--- Exercise data Enclosed Below ---
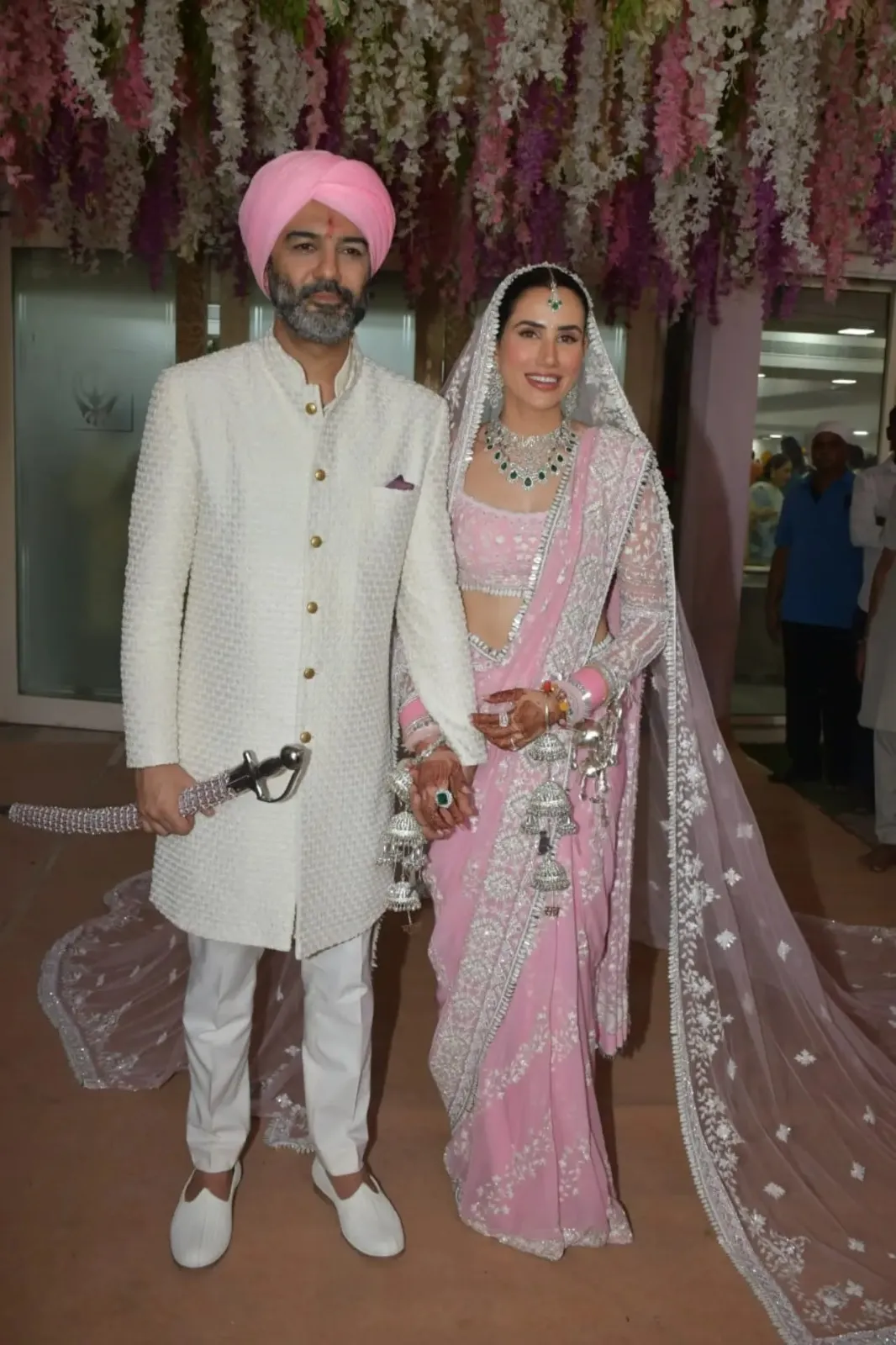 સોનાલી સહગલે સિલ્વર લહેંગા પહેર્યો હતો, આ સાથે હાથમાં ગુલાબી બંગડી અને માંગ માં સિંદૂર પણ જોવા મળ્યું હતું.
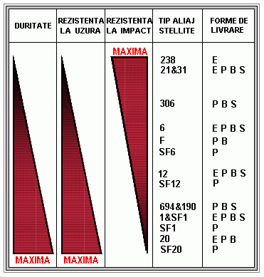 In productia curenta a firmei DELORO STELLITE sunt peste 20 de tipuri de aliaje tip STELLITE, un tabel sugestiv al proprietatilor acestora fiind prezentat in cele ce urmeaza:
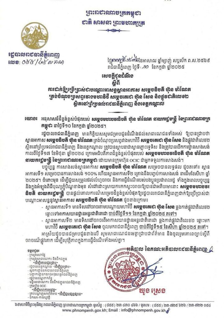 ស្ពានអាកាសសម្តេចធិបតី ហ៊ុន ម៉ាណែត ទី១ នឹងបើកឲ្យធ្វើដំណើរនៅថ្ងៃស្អែក និងទី២ នឹងបើកនៅថ្ងៃទី១៥ ខែសីហា
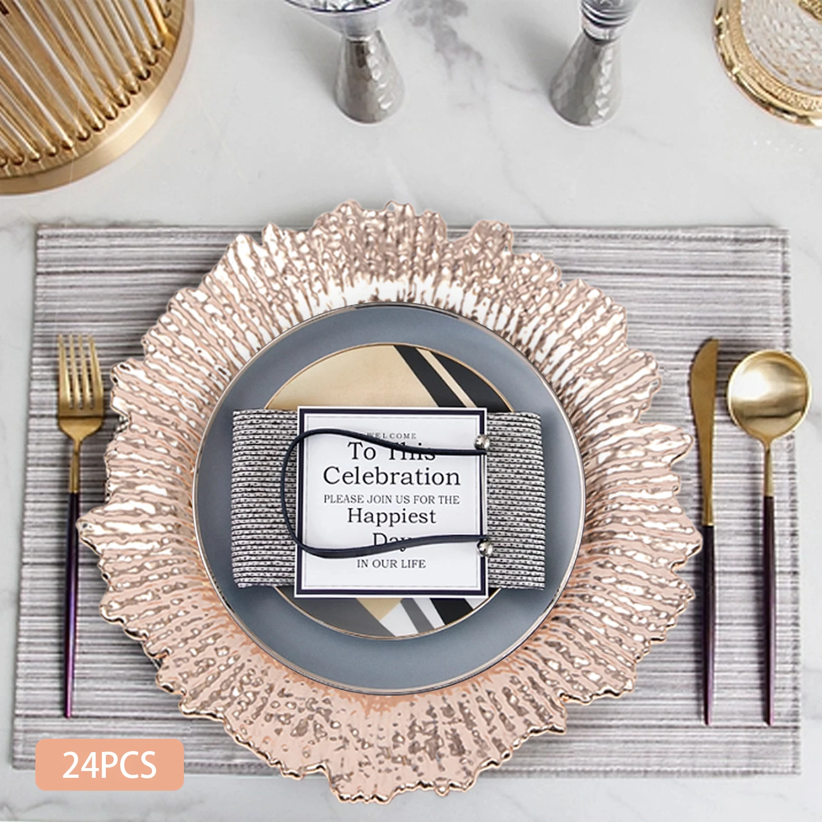 Rose Gold Plastic Charger Plates 24 Pieces Marine Style Modern Electroplating Dining Decoration
--- End of Enclosed Exercise data ---
Task to complete:
Your answer must be the lines from the one containing "ស្ពានអាកាសសម្តេចធិបតី ហ៊ុន ម៉ាណែត" through the last line of the listing above, restated word for word, with no pictures.

Response to the exercise:
 ស្ពានអាកាសសម្តេចធិបតី ហ៊ុន ម៉ាណែត ទី១ នឹងបើកឲ្យធ្វើដំណើរនៅថ្ងៃស្អែក និងទី២ នឹងបើកនៅថ្ងៃទី១៥ ខែសីហា
 Rose Gold Plastic Charger Plates 24 Pieces Marine Style Modern Electroplating Dining Decoration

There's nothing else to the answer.